- **Task**:
Starting with the line below that holds "Christiani, Wilhelm Ernst: Universalhistorie" and stopping after the line that holds "You can use", transcribe the lines exactly, leaving out all pictures.

━━ Data to process

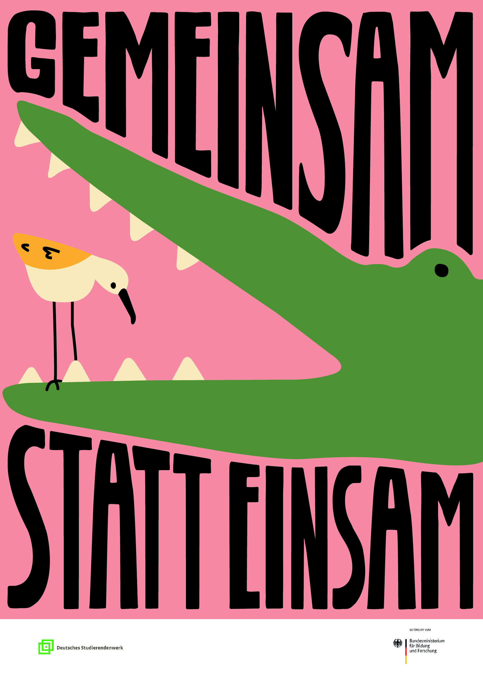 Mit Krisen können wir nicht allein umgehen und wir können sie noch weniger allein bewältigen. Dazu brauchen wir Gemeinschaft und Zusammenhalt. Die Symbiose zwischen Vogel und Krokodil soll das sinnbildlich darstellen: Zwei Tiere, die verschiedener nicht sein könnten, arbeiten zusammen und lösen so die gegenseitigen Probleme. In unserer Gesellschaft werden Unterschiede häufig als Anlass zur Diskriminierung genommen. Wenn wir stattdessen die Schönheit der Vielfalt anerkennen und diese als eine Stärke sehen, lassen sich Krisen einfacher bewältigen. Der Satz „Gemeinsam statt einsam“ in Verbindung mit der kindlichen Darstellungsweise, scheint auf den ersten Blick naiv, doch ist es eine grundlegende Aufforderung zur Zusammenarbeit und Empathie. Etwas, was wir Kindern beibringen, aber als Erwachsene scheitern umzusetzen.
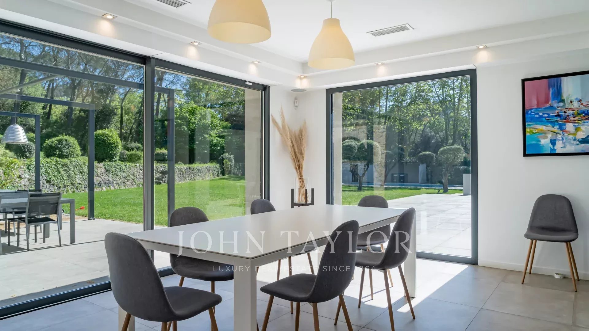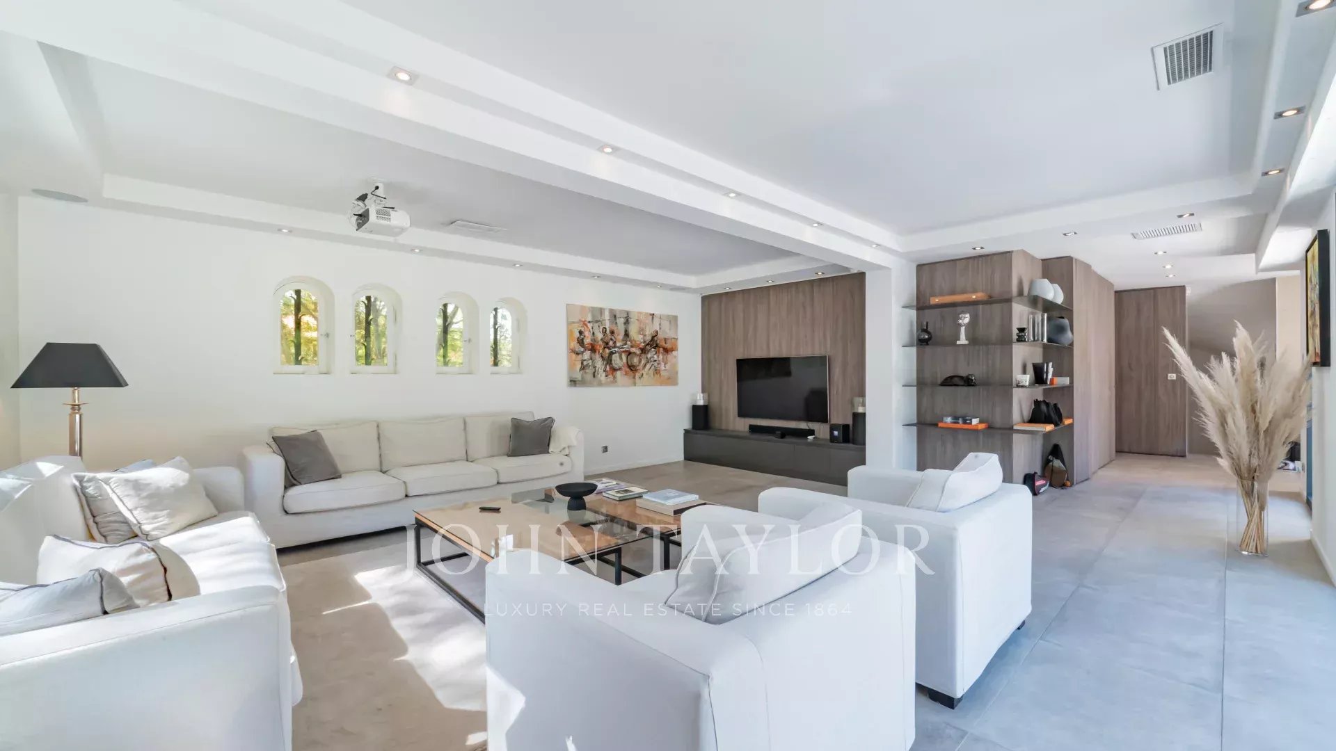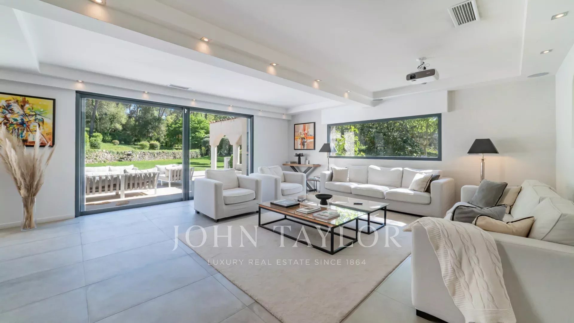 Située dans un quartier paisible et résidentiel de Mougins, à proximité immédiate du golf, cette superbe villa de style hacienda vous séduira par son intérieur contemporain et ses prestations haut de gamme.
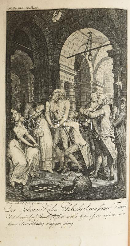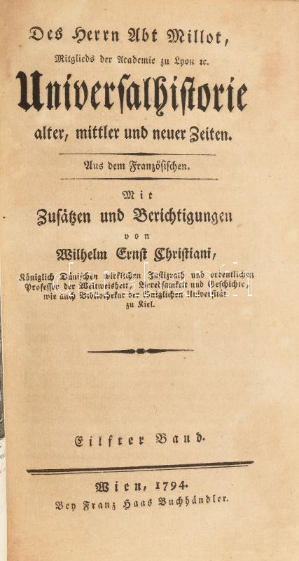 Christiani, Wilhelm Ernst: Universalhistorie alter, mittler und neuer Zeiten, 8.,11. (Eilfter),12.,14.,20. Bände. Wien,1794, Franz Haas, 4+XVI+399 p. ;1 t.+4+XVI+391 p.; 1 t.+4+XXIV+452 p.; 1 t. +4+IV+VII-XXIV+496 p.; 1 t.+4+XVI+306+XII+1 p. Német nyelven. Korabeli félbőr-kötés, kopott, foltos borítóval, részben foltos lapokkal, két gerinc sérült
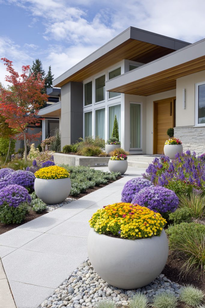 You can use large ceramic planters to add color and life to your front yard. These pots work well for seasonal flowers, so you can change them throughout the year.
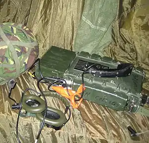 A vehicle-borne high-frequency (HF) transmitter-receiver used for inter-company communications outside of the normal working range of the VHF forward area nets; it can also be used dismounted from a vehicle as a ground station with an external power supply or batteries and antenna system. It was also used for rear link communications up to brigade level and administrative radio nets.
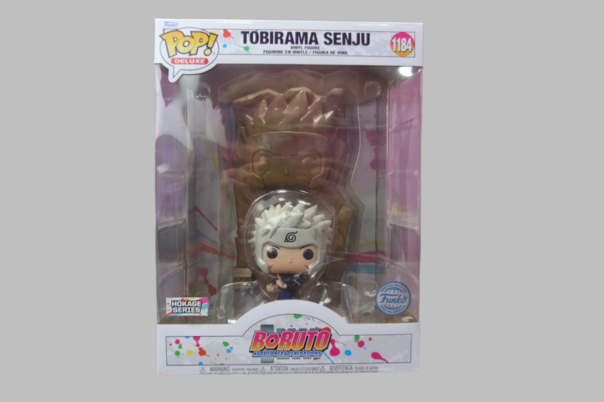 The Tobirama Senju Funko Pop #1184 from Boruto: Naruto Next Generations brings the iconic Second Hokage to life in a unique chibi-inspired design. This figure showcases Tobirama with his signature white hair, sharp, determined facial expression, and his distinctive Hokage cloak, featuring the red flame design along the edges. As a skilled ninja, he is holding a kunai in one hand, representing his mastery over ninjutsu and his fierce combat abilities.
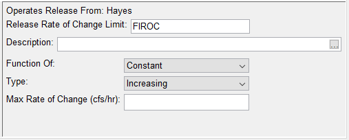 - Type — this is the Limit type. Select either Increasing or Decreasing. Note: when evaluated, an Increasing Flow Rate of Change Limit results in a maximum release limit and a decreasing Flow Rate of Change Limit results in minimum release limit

━━━━

- **Expected answer**:
 Christiani, Wilhelm Ernst: Universalhistorie alter, mittler und neuer Zeiten, 8.,11. (Eilfter),12.,14.,20. Bände. Wien,1794, Franz Haas, 4+XVI+399 p. ;1 t.+4+XVI+391 p.; 1 t.+4+XXIV+452 p.; 1 t. +4+IV+VII-XXIV+496 p.; 1 t.+4+XVI+306+XII+1 p. Német nyelven. Korabeli félbőr-kötés, kopott, foltos borítóval, részben foltos lapokkal, két gerinc sérült
 You can use large ceramic planters to add color and life to your front yard. These pots work well for seasonal flowers, so you can change them throughout the year.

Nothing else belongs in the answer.